BEGIN Data provided

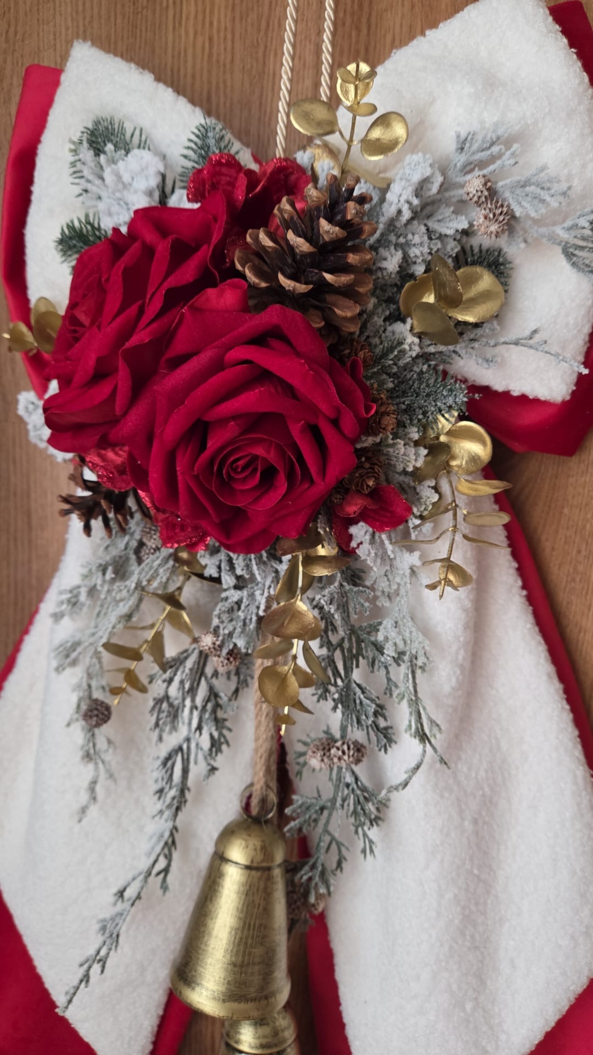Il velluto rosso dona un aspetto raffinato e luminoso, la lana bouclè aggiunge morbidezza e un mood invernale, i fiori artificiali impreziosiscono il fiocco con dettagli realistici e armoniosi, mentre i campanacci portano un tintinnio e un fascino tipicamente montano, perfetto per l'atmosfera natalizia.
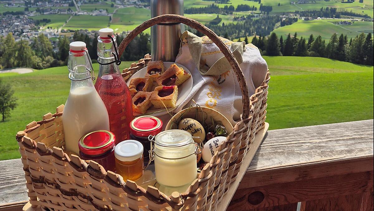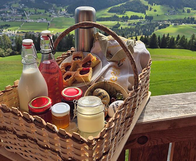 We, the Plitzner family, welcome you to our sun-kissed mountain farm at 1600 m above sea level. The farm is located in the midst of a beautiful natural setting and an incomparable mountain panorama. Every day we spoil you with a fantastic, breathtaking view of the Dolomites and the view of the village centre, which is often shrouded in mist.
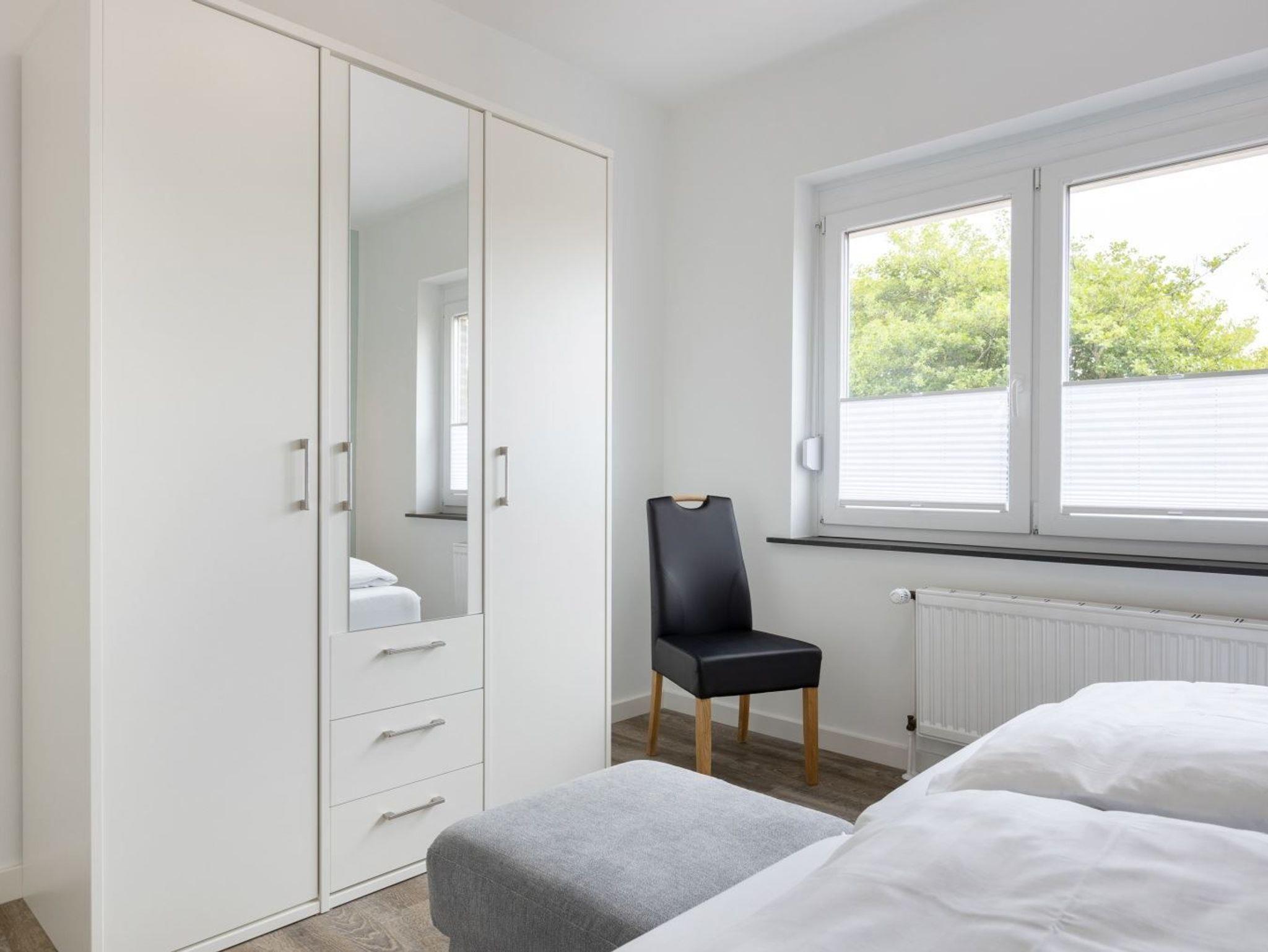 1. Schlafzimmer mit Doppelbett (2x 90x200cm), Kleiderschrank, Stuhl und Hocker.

END Data provided
BEGIN Data provided

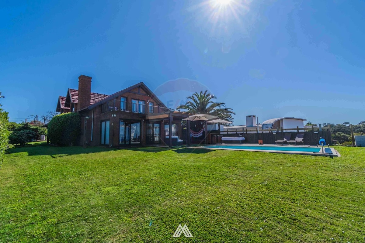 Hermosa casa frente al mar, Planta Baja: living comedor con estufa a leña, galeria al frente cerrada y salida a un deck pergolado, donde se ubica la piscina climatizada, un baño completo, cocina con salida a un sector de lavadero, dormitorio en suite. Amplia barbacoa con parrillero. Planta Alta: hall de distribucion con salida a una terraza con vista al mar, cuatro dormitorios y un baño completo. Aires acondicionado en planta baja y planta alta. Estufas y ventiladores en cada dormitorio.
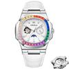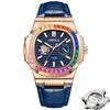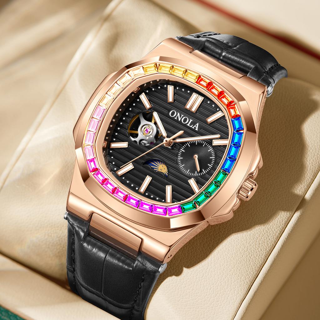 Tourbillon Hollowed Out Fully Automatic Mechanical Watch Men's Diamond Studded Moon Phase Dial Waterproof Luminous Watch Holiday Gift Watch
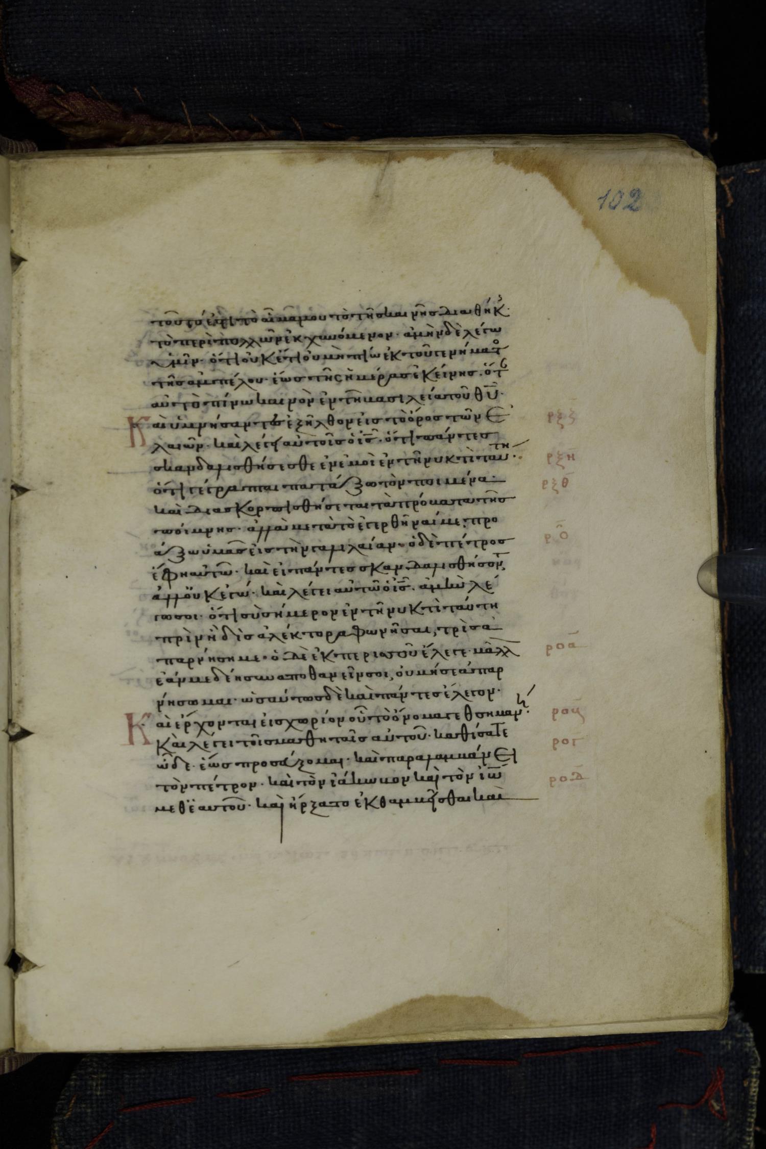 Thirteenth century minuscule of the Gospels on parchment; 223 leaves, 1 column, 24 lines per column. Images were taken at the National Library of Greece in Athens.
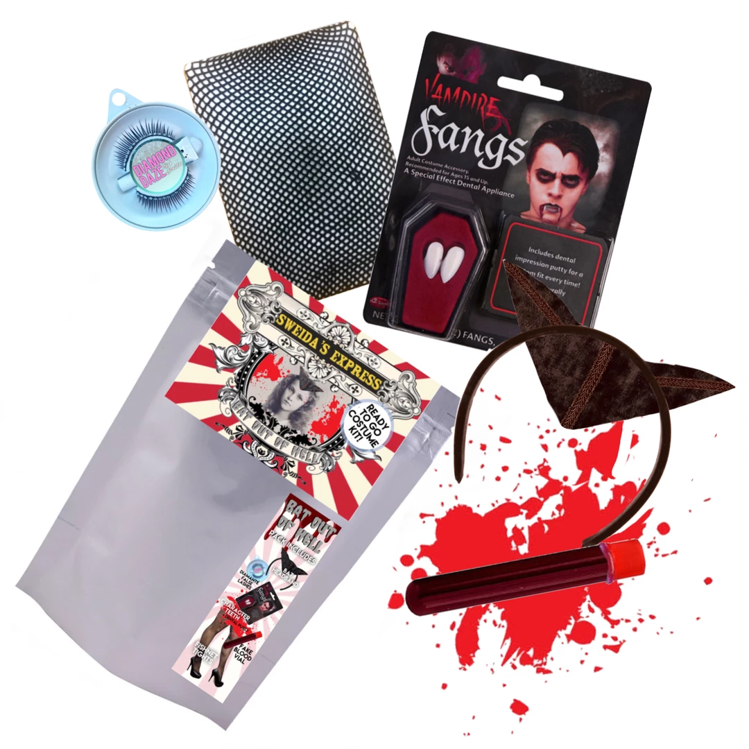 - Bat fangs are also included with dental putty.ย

END Data provided
BEGIN Data provided

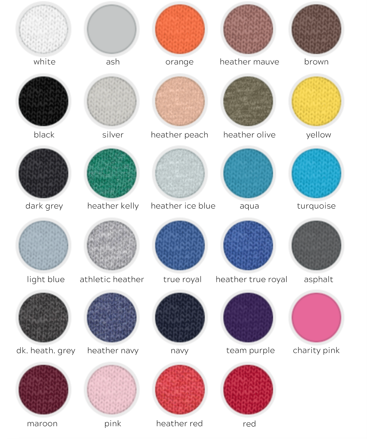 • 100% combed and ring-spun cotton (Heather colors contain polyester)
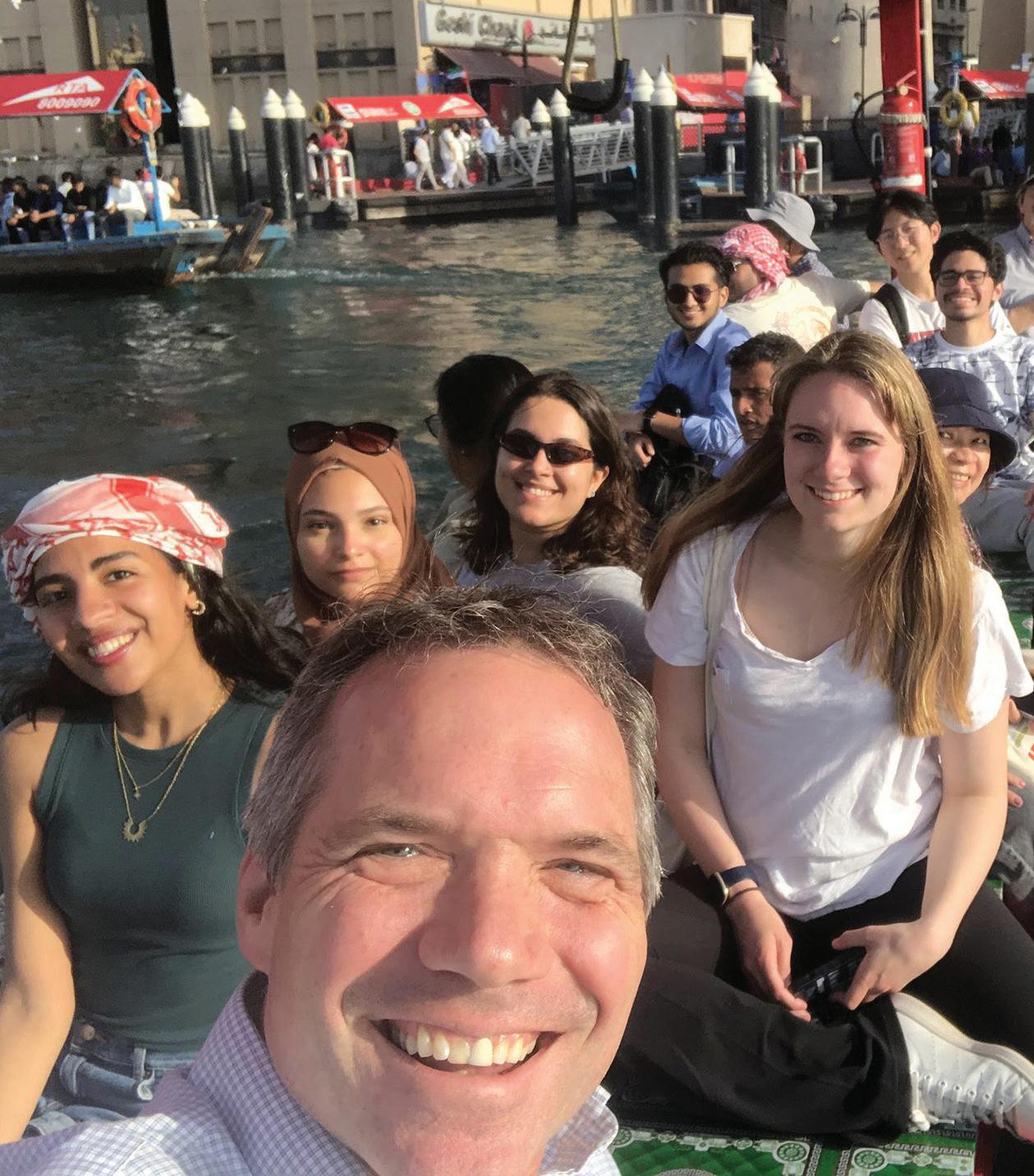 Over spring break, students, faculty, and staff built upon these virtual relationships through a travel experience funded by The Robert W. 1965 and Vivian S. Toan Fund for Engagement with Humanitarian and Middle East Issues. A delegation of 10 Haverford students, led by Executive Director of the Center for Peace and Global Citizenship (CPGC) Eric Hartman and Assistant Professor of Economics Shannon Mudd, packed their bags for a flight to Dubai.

END Data provided

*Directions*: Print from the line containing "Thirteenth century minuscule" through the line containing "- Bat fangs" in the data above, exactly as the lines stand, and omit every picture.

*Written solution*:
 Thirteenth century minuscule of the Gospels on parchment; 223 leaves, 1 column, 24 lines per column. Images were taken at the National Library of Greece in Athens.
 - Bat fangs are also included with dental putty.ย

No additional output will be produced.